Beberapa kelas obat lama yang digunakan untuk mengobati depresi, seperti trisiklik dan inhibitor monoamine oksidase lebih efektif dalam membantu mengatasi masalah tidur. Mereka lebih menenangkan, yang bisa menjadi efek yang tidak diinginkan di siang hari. Banyak dari mereka juga memiliki lebih banyak efek samping secara umum, dan berbahaya untuk diberikan kepada pasien yang ingin bunuh diri dan berisiko overdosis yang disengaja. SSRI umumnya lebih disukai daripada obat-obatan ini, namun sebagian besar tidak mengatasi masalah tidur, dan dengan demikian mungkin tidak sepenuhnya membantu mengakhiri depresi pada orang dengan insomnia. Antidepresan lama dapat dipertimbangkan untuk digunakan sebagai gantinya, atau obat baru yang dimaksudkan untuk membantu kesulitan tidur dapat diresepkan dengan SSRI.
Satu hubungan yang menarik antara depresi dan tidur adalah asumsi bahwa orang dengan depresi cenderung tidur terlalu banyak. Sebenarnya, kebanyakan orang depresi dan cemas kurang tidur, kecuali remaja, yang mungkin kesiangan. Namun, mereka dengan gangguan bipolar jauh lebih mungkin untuk tidur berlebihan daripada kurang tidur, yang mungkin menjadi alat yang membantu dalam membedakan antara bipolar dan depresi berat.

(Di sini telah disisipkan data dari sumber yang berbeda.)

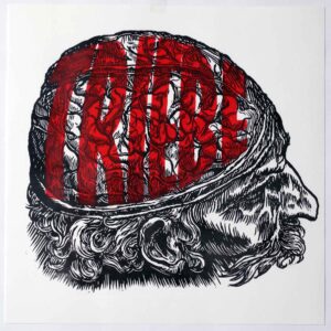 Durch die Kombination von präzisem Linoldruck und kräftiger Farbe entsteht eine eindringliche, fast ikonische Bildsprache. „Ares“ ist eine Studie über das Denken im Ausnahmezustand – über den Moment, in dem der Geist selbst zur Waffe wird.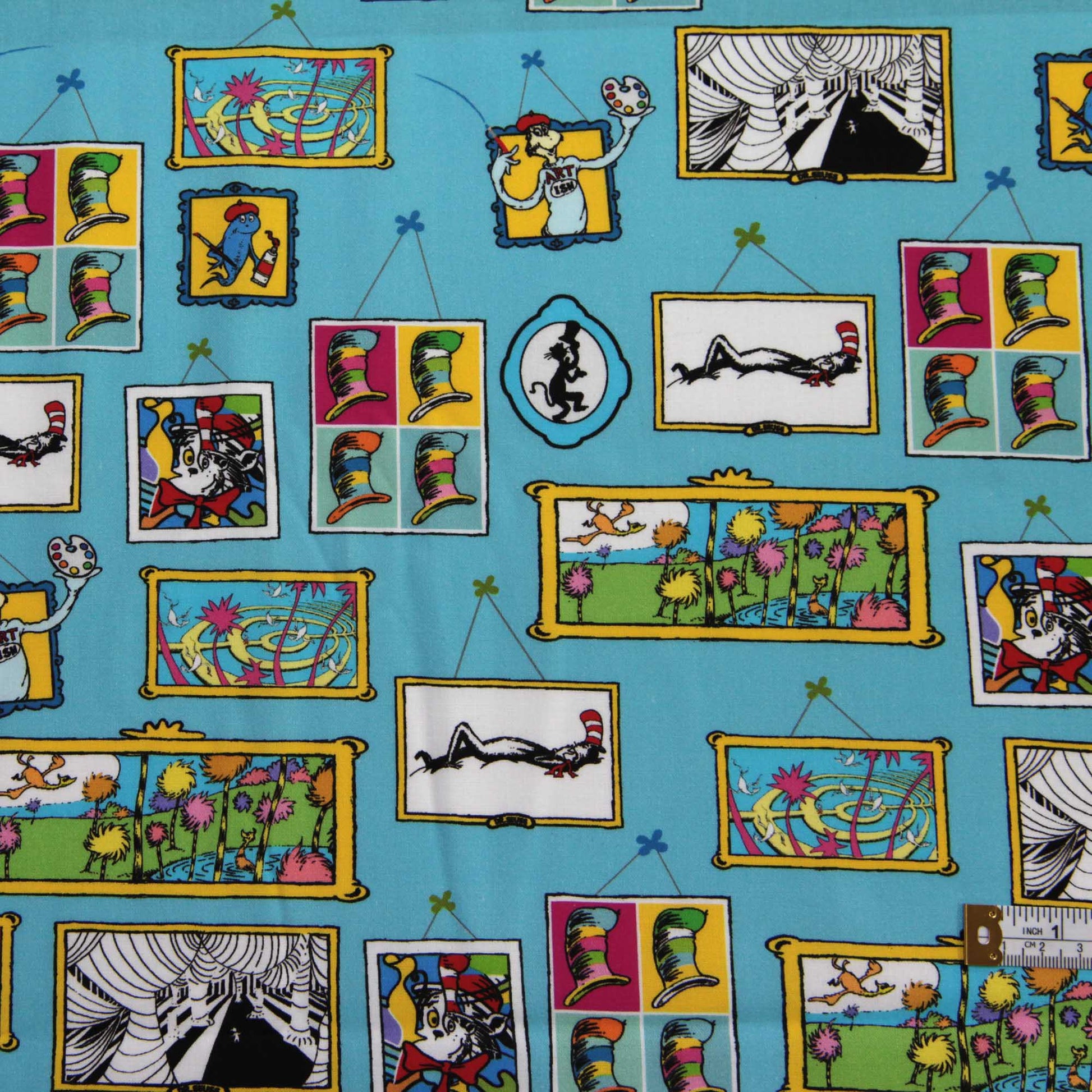 Picture frames with various characters and scenes from Dr. Seuss stories.

Para ilmuwan, dokter, dan peneliti terus mempelajari hubungan rumit antara depresi dan tidur. Untuk saat ini, mereka yang menderita insomnia harus tahu bahwa berbicara dengan dokter untuk mendapatkan bantuan atau pengobatan bisa menjadi sangat penting. Karena insomnia cenderung ada sebelum depresi, pengobatan yang cepat mungkin berarti seseorang tidak pernah berkembang ke keadaan depresi.